[Dataset records]
----------------
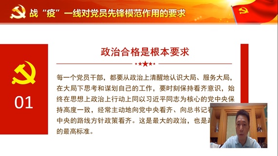 此次战“疫”微党课的主题为《让党旗在防控疫情斗争第一线高高飘扬》。主要围绕四个部分来讲述:一是我是党员,我先上;二是战“疫”一线对党员的要求;三是党员的先锋模范作用;四是战“疫”一线如何发挥党员先锋模范作用。
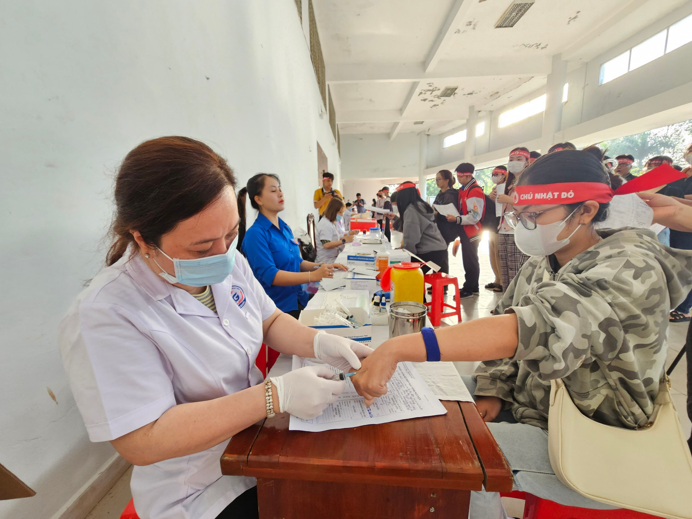 | Đông đảo bạn trẻ tham gia hiến máu tại chương trình Chủ Nhật Đỏ tại Kiên Giang sáng 27/1. |
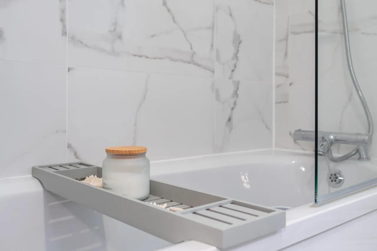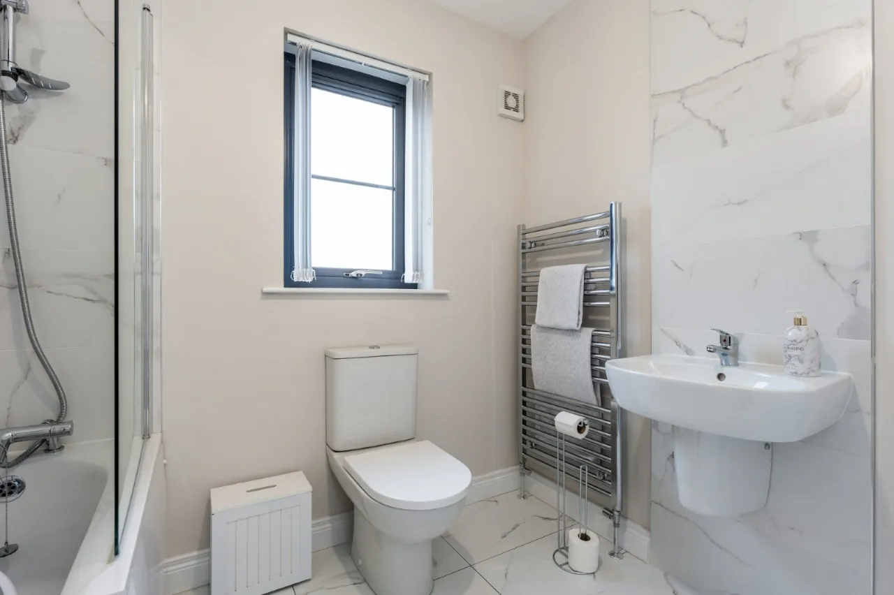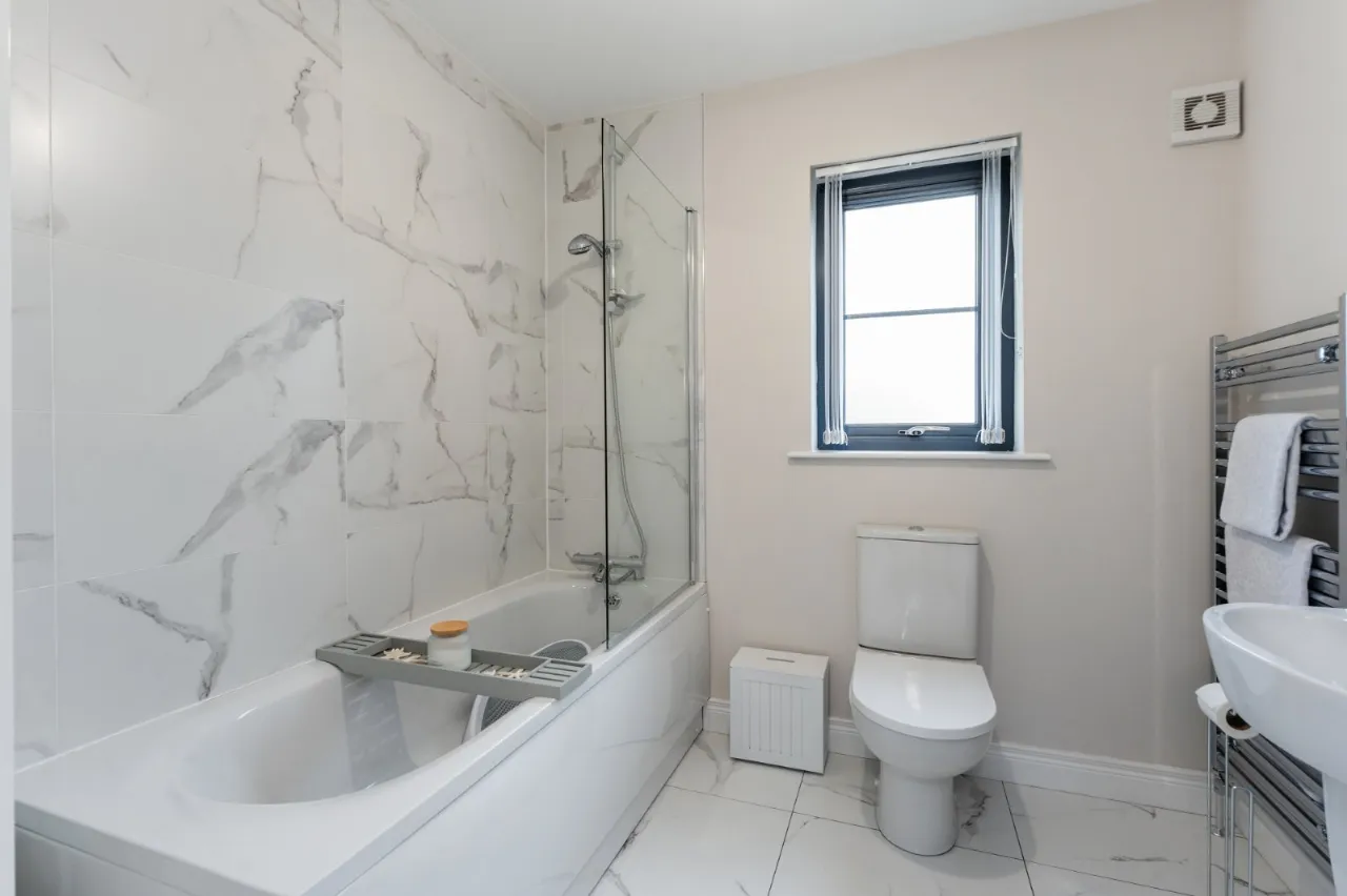 Modern white suite comprising: Panelled bath with ixer taps and telephone hand shower over bath, glass screen, wall mounted wash hand basin with mixer taps, push button WC, chrome towel radiator, feature marble effect wall and floor tiling, extractor fan.
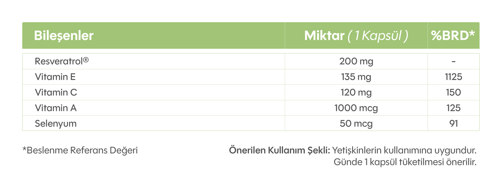 Suda Resveratrol içerisinde resveratrol, vitamin e, vitamin c, vitamin a ve selenyum bulunduran yetişkinler için geliştirilmiş bir gıda takviyesidir.
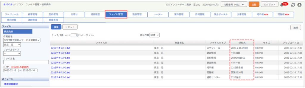 ファイル管理における表示項目に「添付先」を追加し、検索表示したファイルの添付先を表示するように改良いたしました。
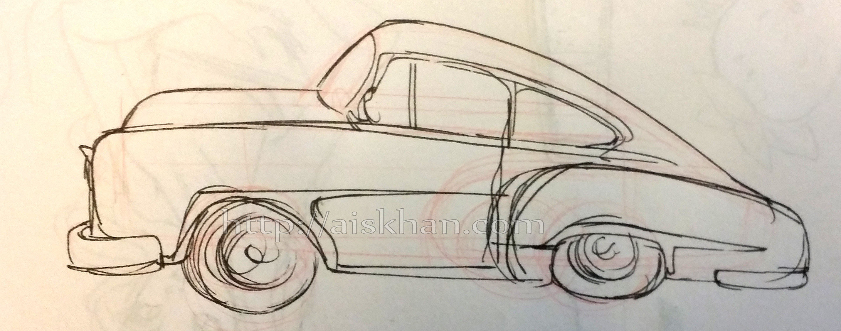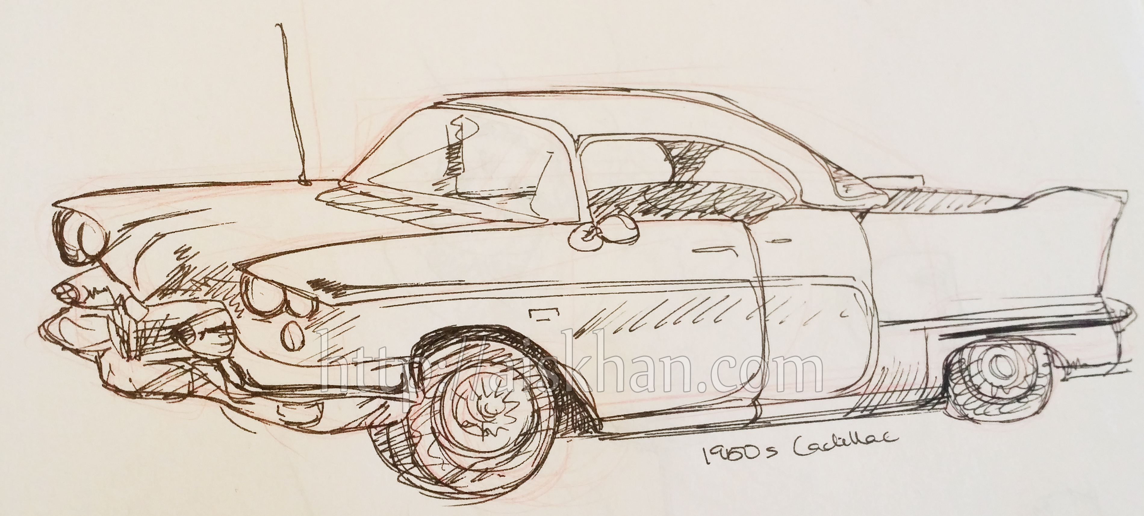 0.1 mm Carbon Pen, 0.5 mm red pencil.
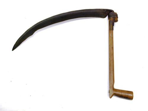 Schoffelwerktuig van hout en ijzer gebruikt om onkru...
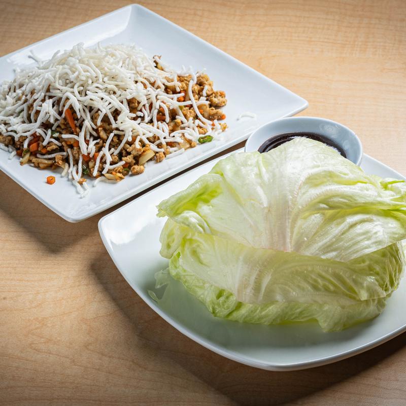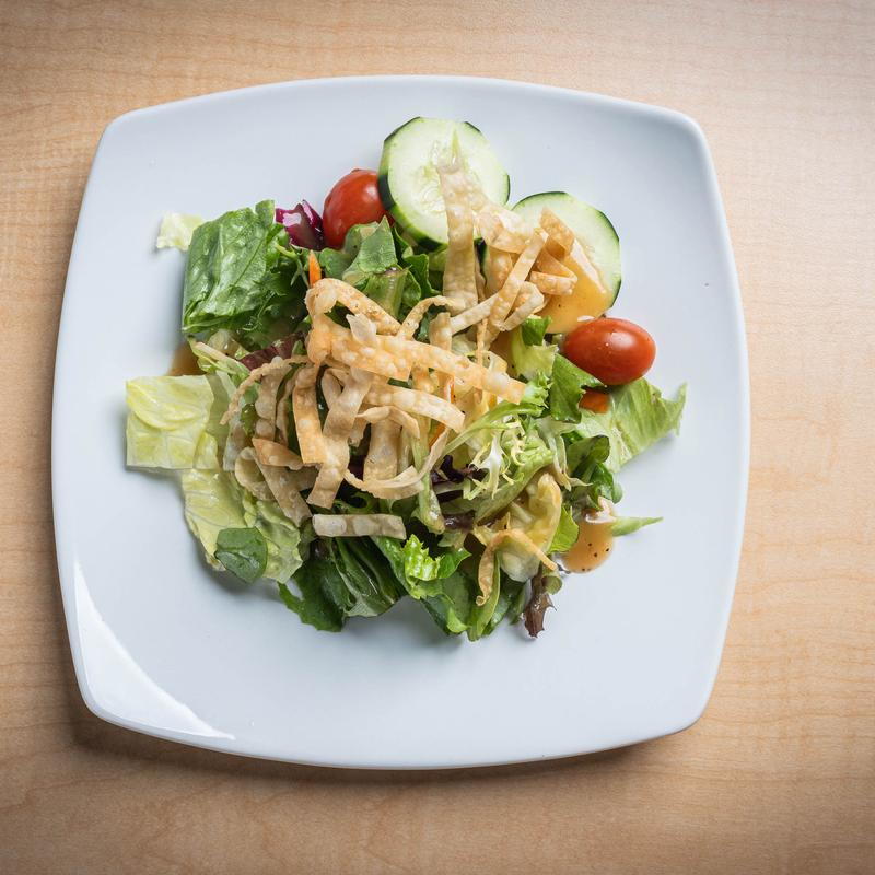 Iceberg lettuce and spring mix garnished with seasonal vegetables and topped with fried wonton strips.
----------------
Where a picture appears in the data, omit it; restate the rest word for word.

**Answer to the problem:**
 此次战“疫”微党课的主题为《让党旗在防控疫情斗争第一线高高飘扬》。主要围绕四个部分来讲述:一是我是党员,我先上;二是战“疫”一线对党员的要求;三是党员的先锋模范作用;四是战“疫”一线如何发挥党员先锋模范作用。
 | Đông đảo bạn trẻ tham gia hiến máu tại chương trình Chủ Nhật Đỏ tại Kiên Giang sáng 27/1. |
 Modern white suite comprising: Panelled bath with ixer taps and telephone hand shower over bath, glass screen, wall mounted wash hand basin with mixer taps, push button WC, chrome towel radiator, feature marble effect wall and floor tiling, extractor fan.
 Suda Resveratrol içerisinde resveratrol, vitamin e, vitamin c, vitamin a ve selenyum bulunduran yetişkinler için geliştirilmiş bir gıda takviyesidir.
 ファイル管理における表示項目に「添付先」を追加し、検索表示したファイルの添付先を表示するように改良いたしました。
 0.1 mm Carbon Pen, 0.5 mm red pencil.
 Schoffelwerktuig van hout en ijzer gebruikt om onkru...
 Iceberg lettuce and spring mix garnished with seasonal vegetables and topped with fried wonton strips.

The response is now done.